In countries like Pakistan and Iraq, the social democratic Left and the Baath stole the Lefts slogans to build a base for themselves. The Iranian Revolution, as Edward Said also recognised, was a seminal event in the Muslim world in which Muslims of all shades participated to overthrow the Shah. However, the religious clergy succeeded in making themselves the ruling class, which resulted in tragedy and annihilation of the secular and Leftist forces. Islamic fundamentalism is now the biggest challenge facing Muslim societies as well as the West, especially after September 11, 2001.
Two of the causes of the rise in Islamic fundamentalism have been conveniently missed by the authors: one is the deliberate cultivation of Islamist fundamentalist parties such as Jamaat-e-Islami (Pakistan), Sarekat Islam (Indonesia), Islamic Mujahideen (Afghanistan) and the Muslim Brotherhood (Egypt) as well as secular dictators (Baath Party in Iraq; the Shah in Iran; later Hosni Mubarak in Egypt) by the U.S. during the Cold War rather than undermining Islamic oppositions, as charged by the authors (page 158), leading to the destruction of secular and leftist forces which had both the socio-political programmes and ideas to lead the Muslim world forward.

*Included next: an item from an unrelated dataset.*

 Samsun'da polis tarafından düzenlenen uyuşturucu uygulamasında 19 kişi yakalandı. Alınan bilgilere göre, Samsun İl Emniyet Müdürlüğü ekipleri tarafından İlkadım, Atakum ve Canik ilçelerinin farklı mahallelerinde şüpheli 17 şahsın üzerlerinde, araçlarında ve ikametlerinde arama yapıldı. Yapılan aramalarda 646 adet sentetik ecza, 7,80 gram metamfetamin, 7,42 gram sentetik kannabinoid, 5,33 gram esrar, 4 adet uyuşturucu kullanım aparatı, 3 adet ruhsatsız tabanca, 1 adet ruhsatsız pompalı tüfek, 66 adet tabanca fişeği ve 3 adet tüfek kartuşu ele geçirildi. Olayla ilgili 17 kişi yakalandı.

The void created by this tragedy was quickly filled by Islamic fundamentalism. Second this could easily also apply to Christian fundamentalism and Hindu revivalist movements is the emergence of globalisation, which is a push towards a common language, a common way of dressing, rampant neoliberalism and a consumerist, material monoculture, which is playing havoc with more traditional Muslim societies, thus giving ample ammunition to these fundamentalists who draw on recruits promising them a return to the pristine, unspoiled past of 1,400 years.
So what is the way out for Muslim societies crushed between the hammer of dictatorship and the anvil of fundamentalism? The authors offer a three-pronged approach which would liberate Islam from fossilised history, formulate a new fiqh and reopen the gates of ijtihad (page 164).

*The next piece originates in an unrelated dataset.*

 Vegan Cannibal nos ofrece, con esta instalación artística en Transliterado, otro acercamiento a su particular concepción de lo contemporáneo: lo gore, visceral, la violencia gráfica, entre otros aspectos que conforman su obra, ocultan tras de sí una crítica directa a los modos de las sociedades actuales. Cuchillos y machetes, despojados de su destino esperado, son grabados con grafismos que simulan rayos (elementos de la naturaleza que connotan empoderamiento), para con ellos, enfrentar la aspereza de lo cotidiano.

However, one of the problems that has consistently dogged Islam from its origins is the refusal to separate church and state, the absence of which although did produce a remarkable revolution in science and thought in the 15th century. It has become imperative now. There are other courageous, dissident scholars in the Muslim world whose voices have been suppressed and whom the authors do not mention: while Shariati has been unjustly marginalised as a Shia scholar, others such as Nasr Hamed Abu Zayd, Abderrahman Meddeb, Mohamed Arkoun, Harun Nasution, Gamal al-Banna and the late Anwar Sheikh continue to take on the orthodoxy. Their ideas need to be widely known.

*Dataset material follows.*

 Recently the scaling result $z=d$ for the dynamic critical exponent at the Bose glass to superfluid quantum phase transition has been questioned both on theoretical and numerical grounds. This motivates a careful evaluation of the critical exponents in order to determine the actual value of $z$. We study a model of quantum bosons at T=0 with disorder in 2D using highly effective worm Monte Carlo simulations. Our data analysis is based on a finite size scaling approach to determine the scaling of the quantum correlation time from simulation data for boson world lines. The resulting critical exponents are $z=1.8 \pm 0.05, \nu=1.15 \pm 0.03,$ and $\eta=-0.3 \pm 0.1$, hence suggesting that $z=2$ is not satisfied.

Only when the Muslim world is free from the shackles over ideas will it be able to emerge from the stupor in which it finds itself now; then it will not only be able to challenge the crude Orientalist stereotyping which is ahistorical, reductive and which only serves to perpetuate a myth of confrontation between Islam and the West, but also successfully challenge imperialism, the root of all racist endeavours.
In this case, the recent decision by U.S. Secretary of State Hillary Clinton to allow Tariq Ramadan the great grandson of the founder of the Muslim Brotherhood to come to the U.S. to teach is a welcome one. For whatever we may think of Ramadans views, at least an intellectual exchange between Ramadan and the West should serve to erase and clarify long-standing stereotypes about Muslims as terrorists and fanatics supporting archaic, pre-modern notions like monarchies and jehad.